- _Directions_:
Restate the data exactly as given and keep the pictures out.

- _Given data_:
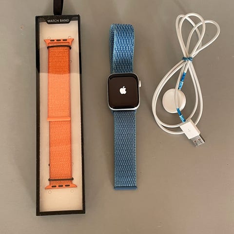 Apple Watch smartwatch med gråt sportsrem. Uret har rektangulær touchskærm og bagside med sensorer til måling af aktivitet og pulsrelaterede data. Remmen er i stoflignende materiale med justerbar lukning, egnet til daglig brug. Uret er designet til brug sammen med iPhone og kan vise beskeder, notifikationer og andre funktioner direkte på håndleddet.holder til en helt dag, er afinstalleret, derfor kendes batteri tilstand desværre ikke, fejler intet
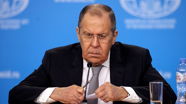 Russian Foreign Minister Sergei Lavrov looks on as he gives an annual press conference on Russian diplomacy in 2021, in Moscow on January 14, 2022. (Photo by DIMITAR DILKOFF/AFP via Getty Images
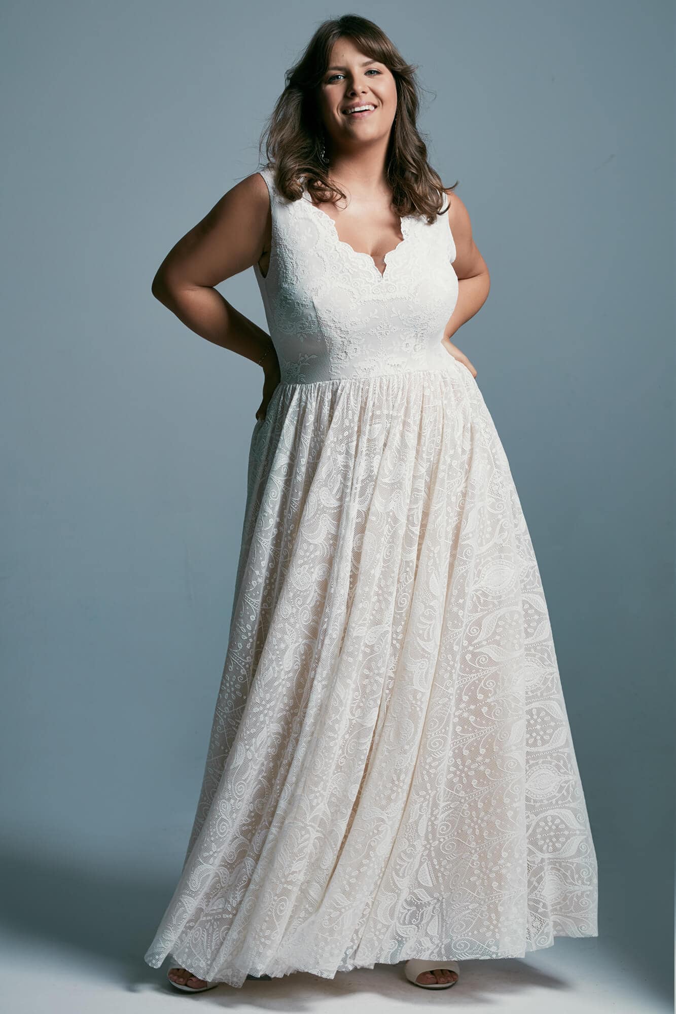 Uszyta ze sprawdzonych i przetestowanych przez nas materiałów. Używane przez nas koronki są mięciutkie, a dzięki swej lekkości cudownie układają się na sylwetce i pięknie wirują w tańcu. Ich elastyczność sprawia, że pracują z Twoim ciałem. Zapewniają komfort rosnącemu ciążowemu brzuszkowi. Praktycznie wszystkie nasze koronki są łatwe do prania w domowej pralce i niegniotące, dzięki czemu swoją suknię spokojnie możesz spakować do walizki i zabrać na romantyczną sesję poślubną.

- _Exercise response_:
 Apple Watch smartwatch med gråt sportsrem. Uret har rektangulær touchskærm og bagside med sensorer til måling af aktivitet og pulsrelaterede data. Remmen er i stoflignende materiale med justerbar lukning, egnet til daglig brug. Uret er designet til brug sammen med iPhone og kan vise beskeder, notifikationer og andre funktioner direkte på håndleddet.holder til en helt dag, er afinstalleret, derfor kendes batteri tilstand desværre ikke, fejler intet
 Russian Foreign Minister Sergei Lavrov looks on as he gives an annual press conference on Russian diplomacy in 2021, in Moscow on January 14, 2022. (Photo by DIMITAR DILKOFF/AFP via Getty Images
 Uszyta ze sprawdzonych i przetestowanych przez nas materiałów. Używane przez nas koronki są mięciutkie, a dzięki swej lekkości cudownie układają się na sylwetce i pięknie wirują w tańcu. Ich elastyczność sprawia, że pracują z Twoim ciałem. Zapewniają komfort rosnącemu ciążowemu brzuszkowi. Praktycznie wszystkie nasze koronki są łatwe do prania w domowej pralce i niegniotące, dzięki czemu swoją suknię spokojnie możesz spakować do walizki i zabrać na romantyczną sesję poślubną.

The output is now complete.